Make an exact copy of the lines from the one containing "Height: 222 - 540mm (excl. studs)" through the end of the material, including both ends but no pictures.
------ RECORDED INFORMATION ------
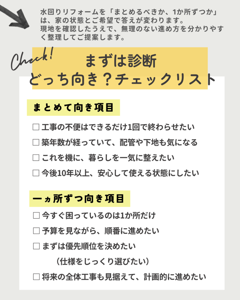 「まとめるべきか、1か所ずつか」は、家の状態とご希望で答えが変わります。
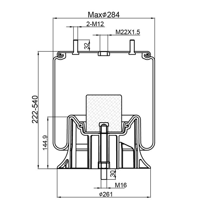 Height: 222 - 540mm (excl. studs)
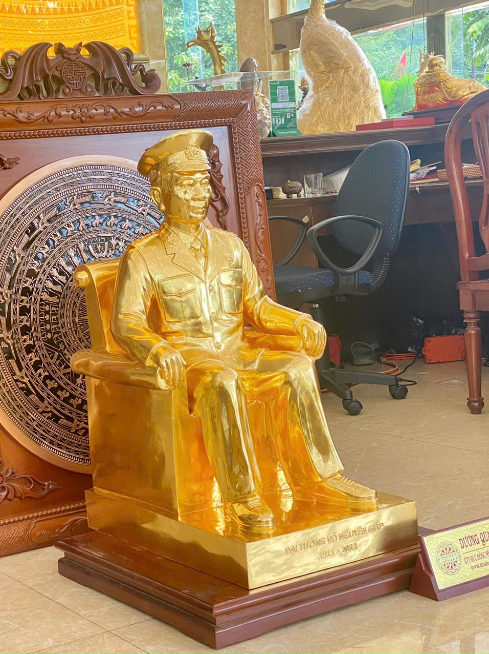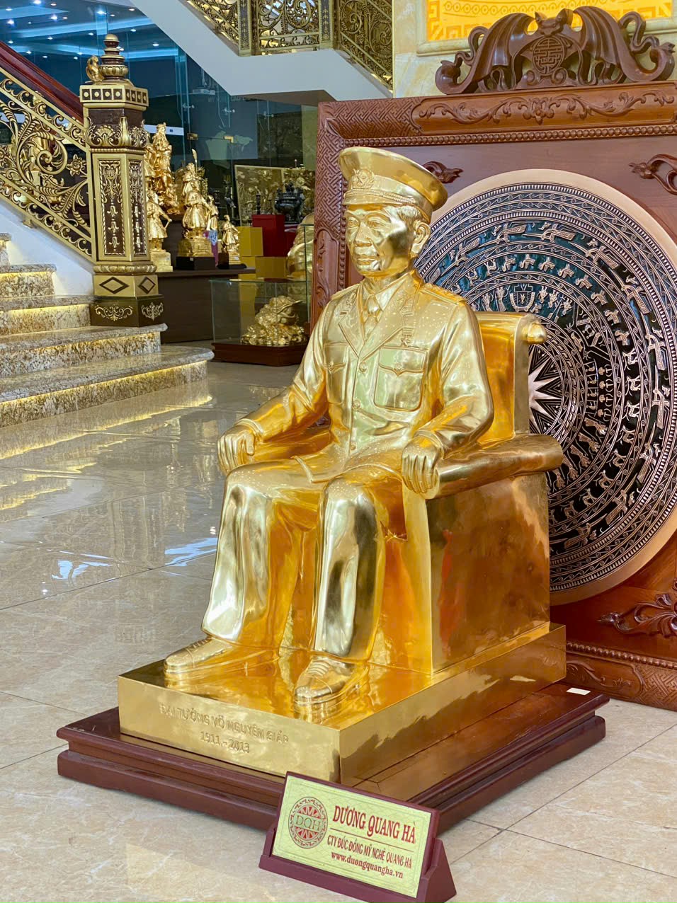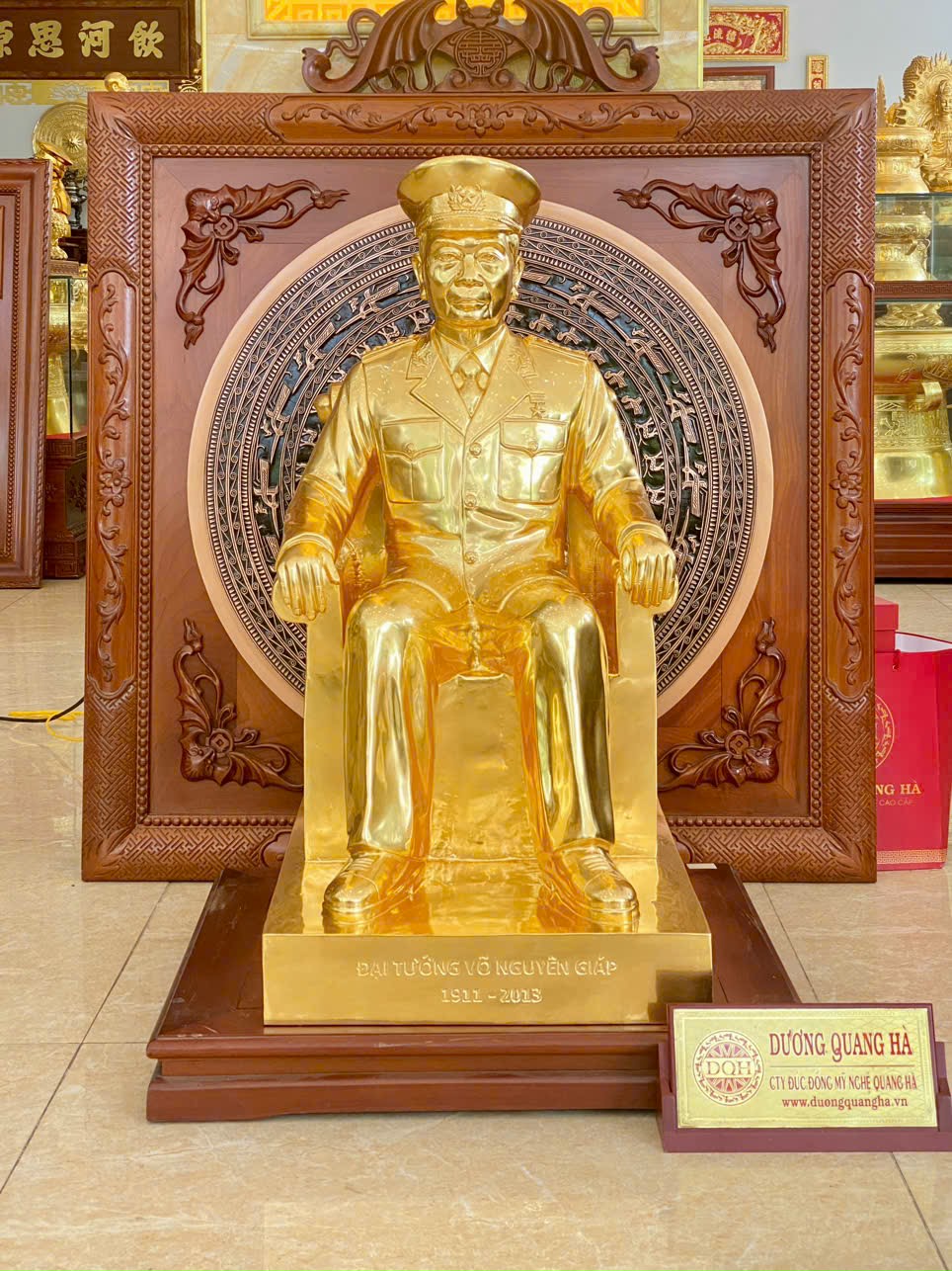 + Bức tượng được làm với hình ảnh Bác Giáp với gương mặt nghiêm nghị, ánh mắt nhìn xa xăm, trên người là bộ quân phục quen thuộc của Đại Tướng, từng đường nét đều được các nghệ nhân của Quang Hà làm tỉ mỉ, sắc nét thể hiện được sự trang nghiêm.
------
TASK ANSWER:
 Height: 222 - 540mm (excl. studs)
 + Bức tượng được làm với hình ảnh Bác Giáp với gương mặt nghiêm nghị, ánh mắt nhìn xa xăm, trên người là bộ quân phục quen thuộc của Đại Tướng, từng đường nét đều được các nghệ nhân của Quang Hà làm tỉ mỉ, sắc nét thể hiện được sự trang nghiêm.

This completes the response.